Hydrogen produced with 90% efficiency through electrolysis. This means you are roughly going to need 10% more electricity compared to what you are getting out.That would mean you need 4.070TWh worth of electricity to cover all Hydrogen demand. That's roughly 3.700 Topaz solar farms, and 370 billion costs/year. So all in all, you end up with 420 billion costs/year, which translates into 21.000€ per household.

Now consider that private households only consume roughly a quarter of all energy, and everything else is consumed by industry, public transport, etc. This would mean a private household of 4 people would pay ~5.200€/year for all their energy cost, including heating, transport, electricity, etc. This would be a bit more than 100€pp/month. That's actually quite good.

It would also mean covering a good portion of germany in renewables. 4.200 solar farms cover an area of roughly 100.000sqkm, or a third of germany.

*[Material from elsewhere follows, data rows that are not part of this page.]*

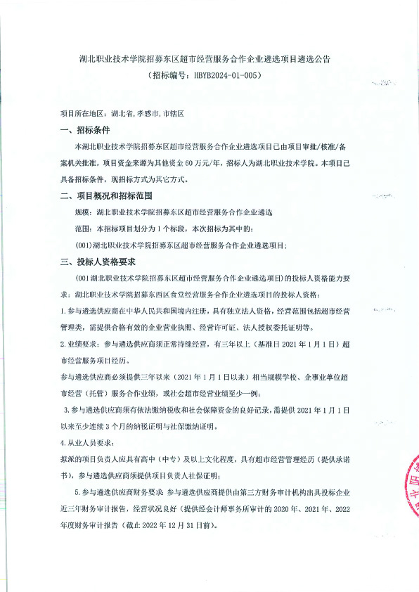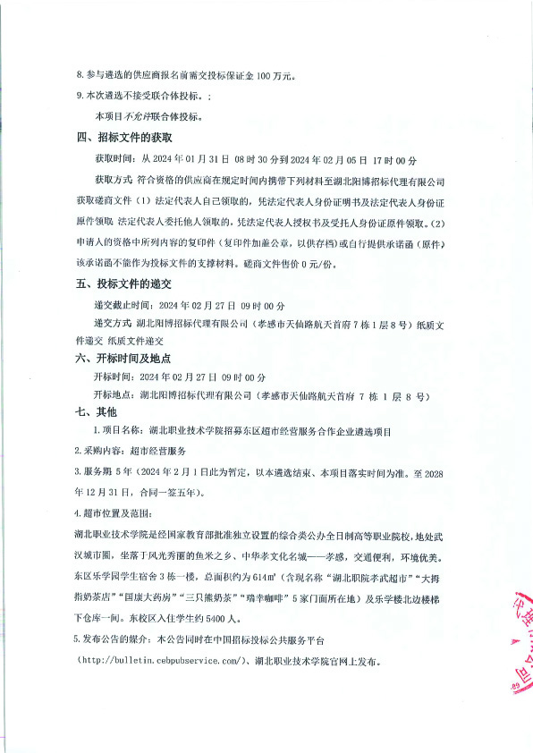 湖北职业技术学院招募东区超市经营服务合作企业遴选项目遴选公告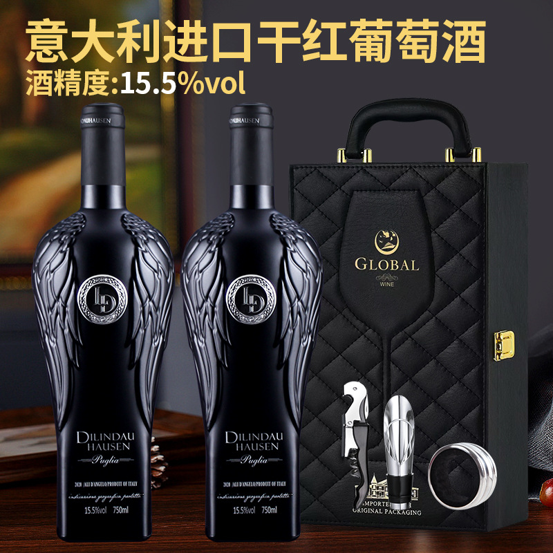 意大利进口红酒15.5度桑娇维赛林道豪森天使羽翼干红葡萄酒礼盒装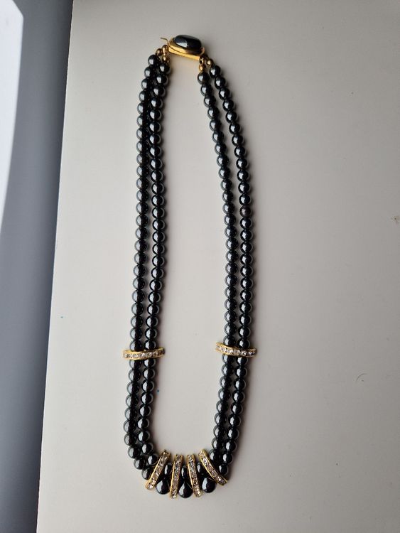 Hämatit Armband Stretch - Schwarze Perlen Mit Goldakzenten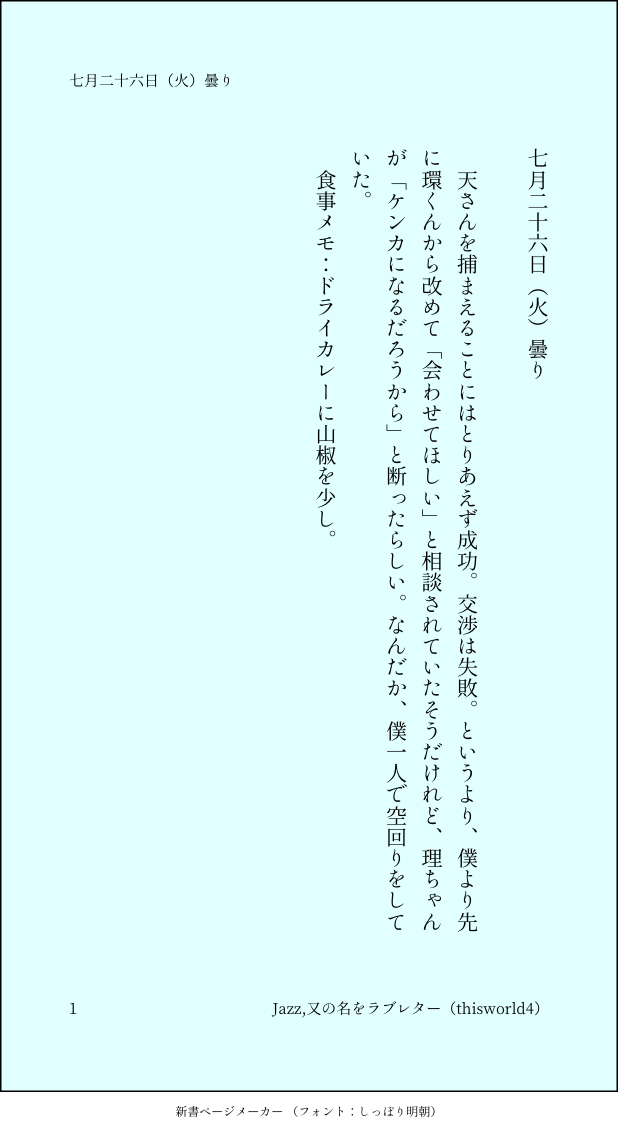 こうみ☆quiet followMEMOなんだか、僕一人で空回りをしていた。 ##日記本 Tap to full screen (size:618x1132).Repost is prohibited Let's send reactions! freqpopularsnackothersPayment processing Replies from the creator Follow creator you care about!☆quiet follow こうみDONE死に方を決めること 4 こうみDONEキャットウォークをつたう夜 8 こうみValentineデートはひと月後の予定 3 こうみDONE重ねた温度でうそを守って(環壮)5部配信分後の夜 3 こうみHappy New Yearステージの上で待ち合わせ(環壮) 3 こうみDONElifeis 露天風呂 2 recommended works 遥海描 三郷MOURNING比叡発見記念に。おかえりなさい、比叡。 10♦︎PASTポケモン、ゼルダ。 3 百瀬あんMOURNING手が逆だったので供養 こうみMEMO一織くんは学校でいつも環くんと一緒にいるわけで、僕の知らない環くんのことも、たくさん見ているんだよね。 こうみMEMO海沿いはまだ肌寒いと思ってたのに、セミダブルサイズのベッドで添い寝されると、やっぱり暑い。 2 こうみMEMO環くんは隠し事に気付いた上で、待ってるって決めてくれているのかもしれない。 こうみMEMO痛みよりも、音のほうに驚くね。何度も肩を打たれてしまって恥ずかしかったな。 2 こうみMEMO十分楽しみにして入場したつもりだったけど、環くんに「ちゃんと楽しめ」って小突かれた。 こうみMEMO全科目の平均点が三十点以上なら追試だけは免除にしてもらえないかとか……無理か……。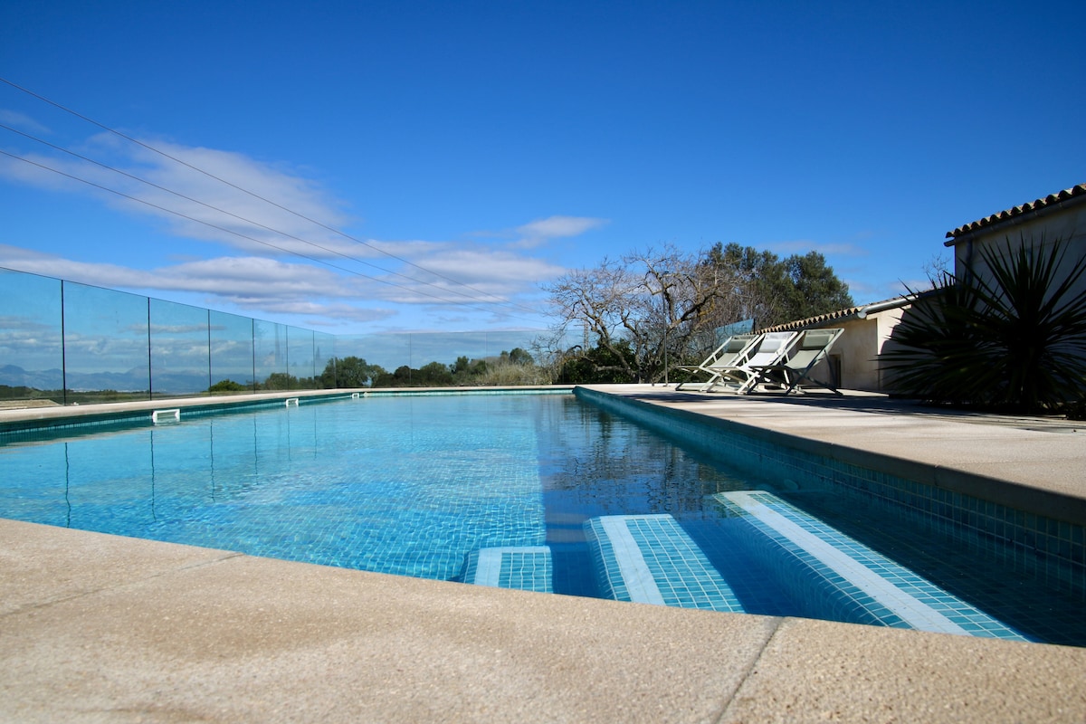 Ursprunglig rustik egendom, mer än 150 år gammal, belägen på södra Mallorca, mellan två vackra byar: Ses Salines och Colonia de Sant Jordi., , Road har en körfält för promenader, jogging. Det finns två små hundar, höns, 1 tupp . Saltvattenpool idealisk för barn AIRE ACONDICIONDO TILLGÄNGLIG: Rum från 14:00 till 22:00 här med avstängningsintervall ungefär varannan timme. Sovrum från 20:30 till 07:30. Om du vill ha det dygnet runt betalar du 50 euro per vecka.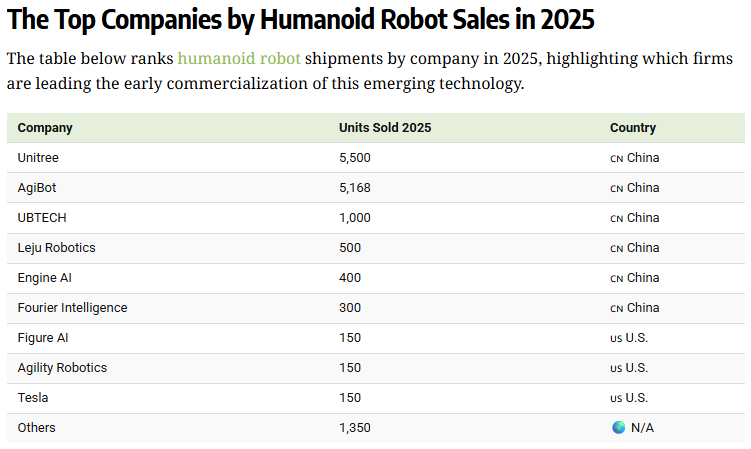 2025年,特斯拉交付了150輛Optimus,預計將于2027年開始公開銷售。同樣,其他美國領先公司 Figure AI 和 Agility Robotics 的出貨量也大致相同。盡管迄今為止交付量有限,Figure AI 的估值仍飆升至 390 億美元,遠高于 2024 年的 26 億美元。中國憑借完善的供應鏈體系、核心技術自主化突破及多場景落地優勢,穩居全球人形機器人產業第一大國。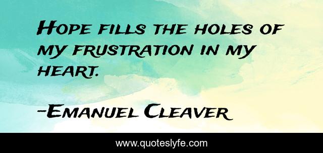 This page presents the quote "Hope fills the holes of my frustration in my heart.". Author of this quote is Emanuel Cleaver. This quote is about heart, frustration, fills,.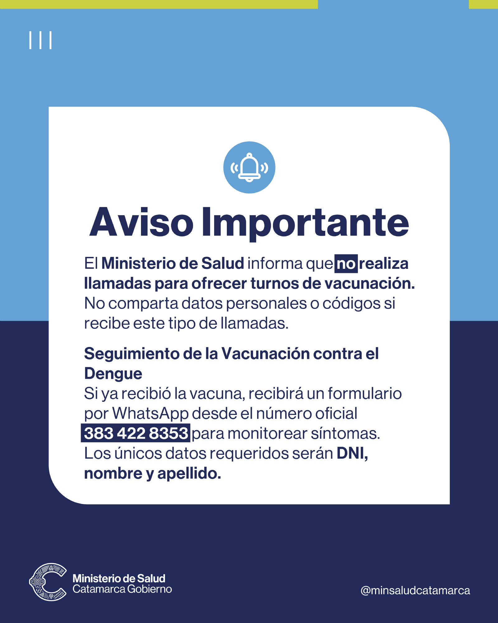 Aquellas personas que ya recibieron la vacuna contra el Dengue, recibirán un formulario a través de WhatsApp (383 422 8353), único medio oficial del Ministerio de Salud para este propósito, con el fin de monitorear los síntomas o posibles efectos secundarios que puedan experimentarse tras la inoculación.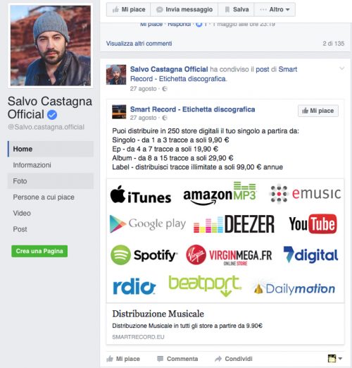 Andando a gironzolare per la rete sono disponibili varie informazioni pubbliche. Per esempio sappiamo che Salvo Castagna distribuisce la sua musica con l’etichetta Smart Records, azienda di Palermo che fornisce servizi digitali  e che è specializzata nel campo musicale ed ha sede in Inghilterra (qui il loro sito). Un’azienda che vende questi servizi (potete appurarlo con i vostri occhi dal sito e negli screenshot che trovate più in basso…):

Obviously it wouldn't be all solar, there will probably be much more wind in the mix, than solar. You would probably have wind for the northern part, and solar for the southern part. Wind farms are much more efficient in terms of land they occupy. Roughly you could say that 4sqkm translates into 1TWh. So if you were to produce the 4.200TWh with windfarms, it would cover "only" 16.800sqkm, or 5% of germany. However, you could also put a good share of those offshore, so the area covered by windfarms is even smaller.

>> No.9626030

>>9625827
>>9625874
>>9625875
wanna try that a fourth time just to be sure?